AI Code Needs Rules, Not Rituals (The Proof)
18 Dec 2025I wrote previously about why AI-generated code needs rules, not rituals.
AI coding agents aren't going anywhere. They're excellent at exploring ideas, generating boilerplate, and moving fast. But speed without reliability just ships bugs faster. And without constraints, AI-generated code is unreliable by default.
Prompting is a ritual. Linting is a rule.
Here is the proof.

Why Prompts Don't Cut It
Most teams try to control AI output with instructions:
- CLAUDE.md
- AGENTS.md
- Cursor rules
- Commands / Sub-agents / Skills
- Long prompt templates
- Carefully curated examples
All of this helps. None of it guarantees anything.
Prompting is probabilistic. You're hoping the model remembers your preferences and applies them consistently across contexts. Sometimes it does. Sometimes it doesn't. Often it lands in the worst possible place: almost correct.
Almost correct is how bugs slip through review.
A Real Example
My preference in JavaScript is that functions should take a single object parameter rather than positional arguments.
I've explained this preference to AI tools. I've shown examples. I've reinforced it repeatedly.
And I still get this:
// ❌ Generated anyway
function calculateDiscount(price, taxRate, couponValue) {
// …
}
Sometimes the model listens. Sometimes it doesn't. That inconsistency alone disqualifies prompting as enforcement.
What Rules Actually Do
Encode the preference as a lint rule. I built eslint-plugin-prefer-object-params for exactly this. Now the bad version can't survive:
error Prefer object params over positional arguments prefer-object-params
No retries. No "please remember next time." The rule fires, the code fails, and the agent fixes it.
That's enforcement.
"But What If No Rule Exists?"
Write one. Or have the agent write one.
That's exactly what I did with the plugin above.
Now, AI-generated code hits the same walls as human-written code.
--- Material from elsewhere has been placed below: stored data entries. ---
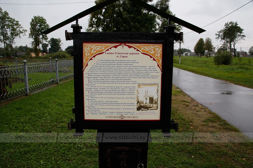 Первые упоминания о Сарье относятся к 1508 году. Здешние земли изначально принадлежали древнему роду Сапегов. К Лопатинским же, с которыми связана история церкви, поместье перешло в XVIII веке. Идея возведения святыни появилась у шляхтича католического вероисповедания Игнатия Лопатинского после смерти его супруги, которая была православной. Летом 1851 года был заложен фундамент. На возведение стен понадобилось несколько лет.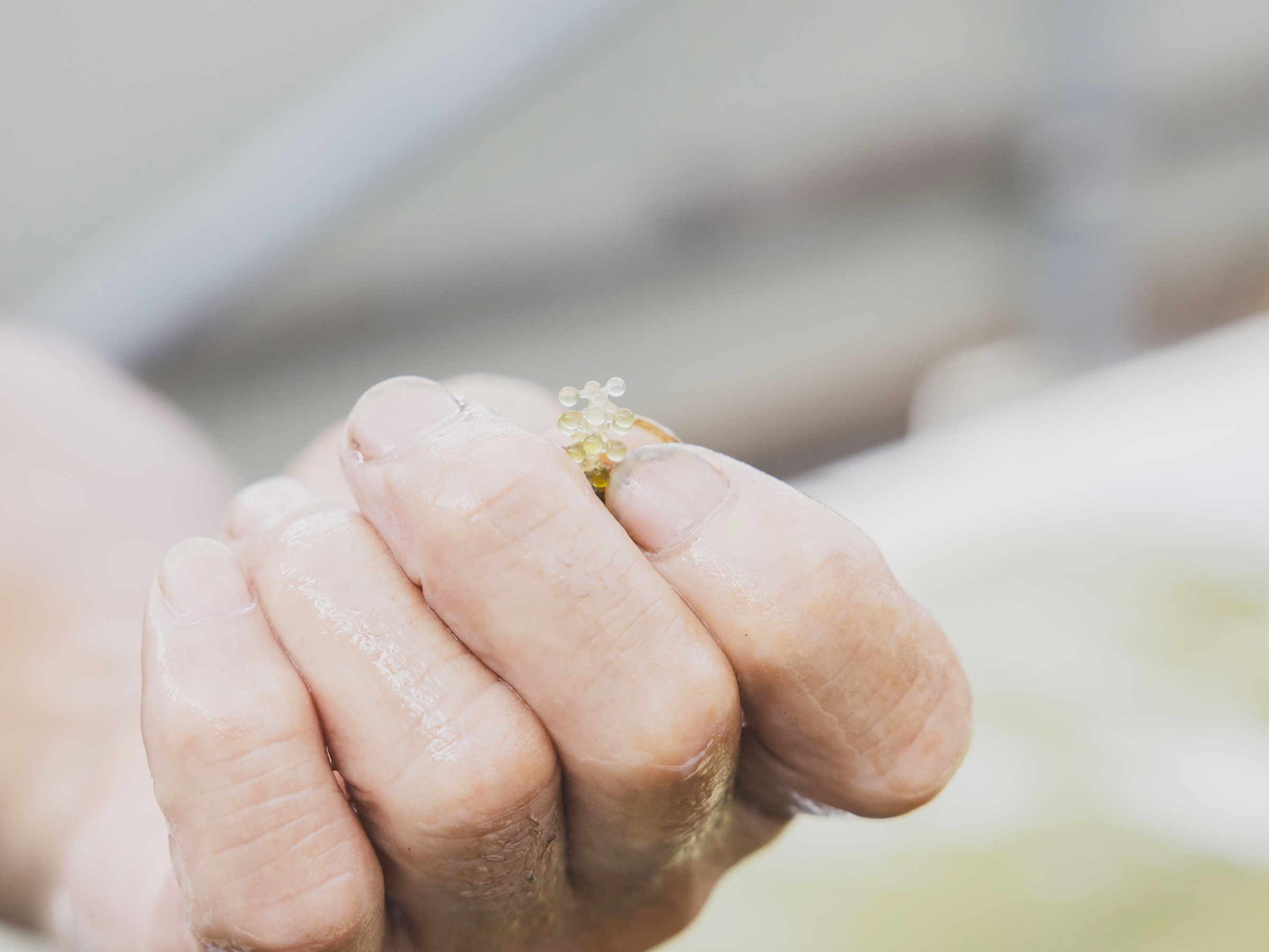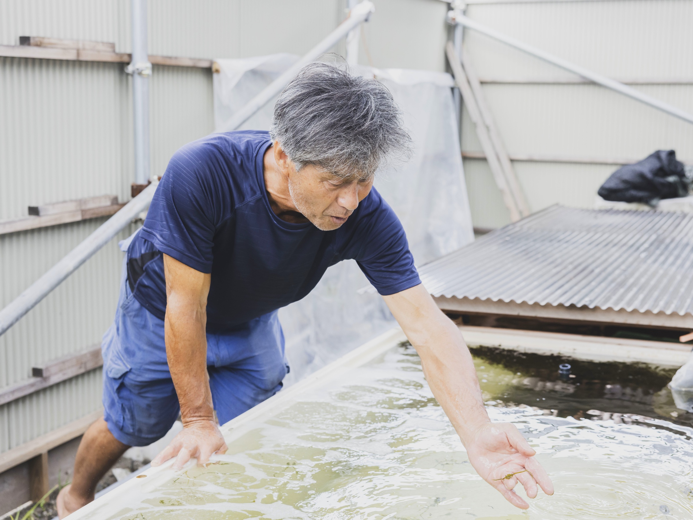 良治さんは若い漁師二人に「無理せず、厳しくなったら諦めたって構わない」と声を掛けながらも、海苔養殖の技術を伝え、海ブドウの養殖にも力を貸しています。「二人が安心して食べて行けるように、私たちが働かされているんですよ」と笑いながら、海ブドウを優しい眼差しで見つめていました。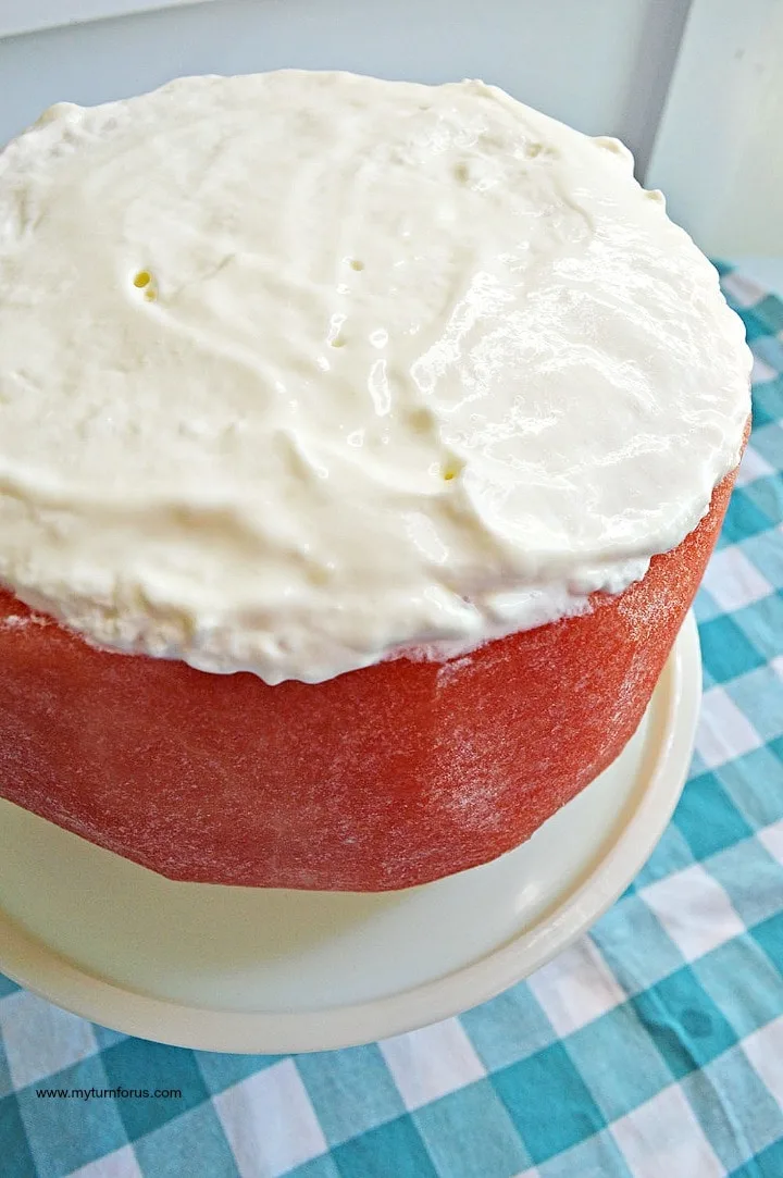Use whipped topping to cover the top of the watermelon slice to resemble frosting on a cake.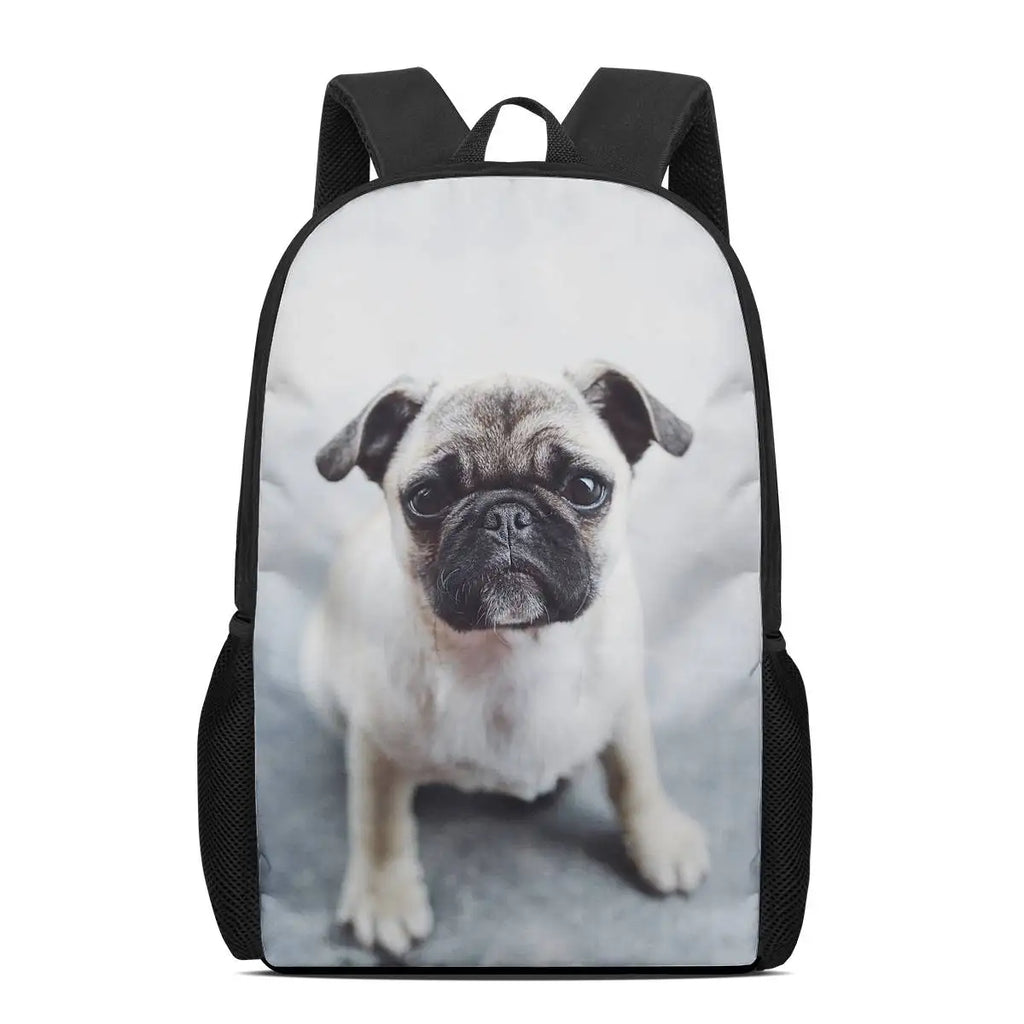 This school bag features a cute pug dog 3D print design, perfect for boys and girls. Ideal for teenagers, students, and kids going to school. The backpack is durable and spacious, making it a great choice for carrying books and other essentials.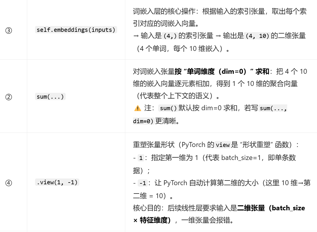 sum vs mean :求和(sum)和求平均(mean)都是常见的聚合方式,比如把代码改成torch.mean(self.embeddings(inputs), dim=0).view(1, -1),逻辑完全等价 ------ 求平均只是把求和结果除以单词数,模型训练时会自动调整权重,最终效果无差异。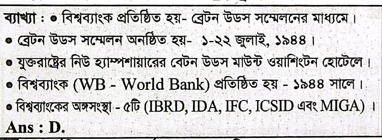 বিশ্ব ব্যাংক প্রতিষ্ঠা হয় কোন সম্মেলনের মাধ্যমে ?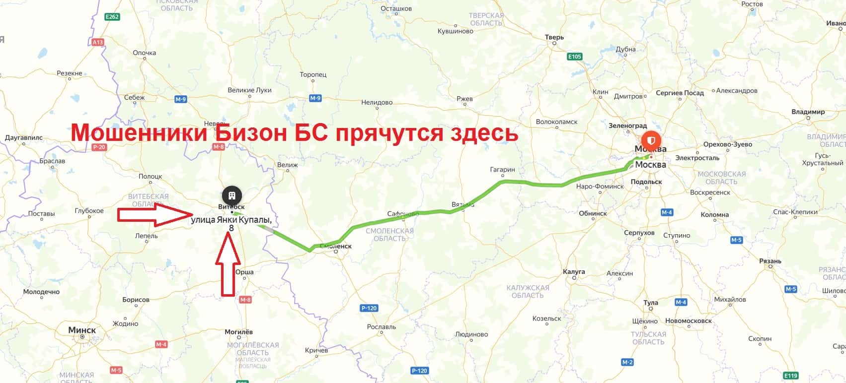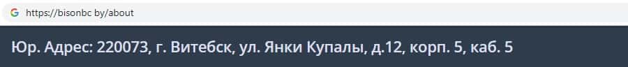 Аферисты Бизон БС на своем дырявом сайте опубликовали информацию юридическом адресе компании, которая находится в городе Витебск, Беларусь.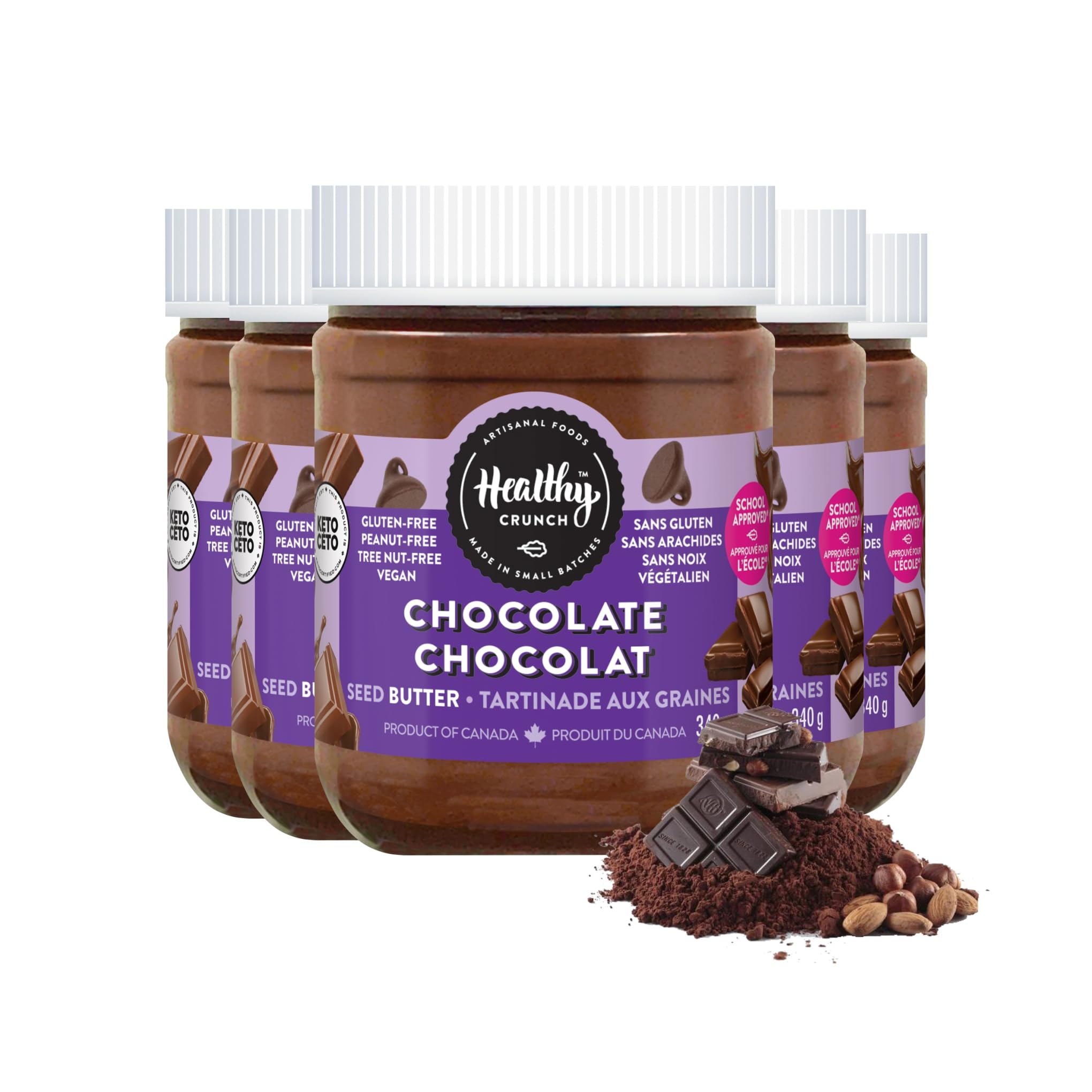 Organic Clean Ingredients: Made with organic sunflower seeds, cocoa powder, tapioca fiber, and natural chocolate flavor. Free from artificial additives, it's a healthy alternative to traditional nut butters. Keto School-Approved: Our allergen-free, nut-free seed butter is school-safe, keto-friendly, and perfect for those with dietary restrictions or allergies. Healthy Fats with MCT Coconut Oil: Contains MCT Coconut Oil, a quick energy source that supports metabolism and is keto-certified for a low-carb lifestyle. Rich in Nutrients Antioxidants: Packed with vitamin E, selenium, and zinc, this sunflower seed butter supports immune health and energy production with every serving. Delicious Nut-Free Chocolate Spread: Indulge in our creamy, nut-free Chocolate Seed Butter made from sunflower seeds. A rich chocolate flavor with no added sugar, perfect for kids and adults alike.

Every generation has to pass. The output becomes deterministic, reviewable, and aligned with how I actually want the code to look.
What This Catches
Before:
// ❌ Easy to miss in review
function sendEmail(to, subject, body, cc, bcc) {
// …
}
After:
✖ prefer-object-params: Use a single options object instead of positional arguments
AI slop hits a brick wall.
Beyond Style
These examples are structural because they're easy to show: parameters, signatures, conventions. But the principle scales.
Some rules live in linters. Some live in type systems. Some live in tests and runtime validation.
Complex business logic still needs tests. Security rules still need audits.
The point isn't that lint rules replace everything. The point is that anything you can make deterministic, you should.
The Reality
Prompting is great for exploration. Production code needs rules.
If AI is writing code in your repo, constrain it with the same systems you already trust: linters, types, tests, and CI checks. That's how you get the speed AI promises without sacrificing reliability.
Rituals hope. Rules enforce.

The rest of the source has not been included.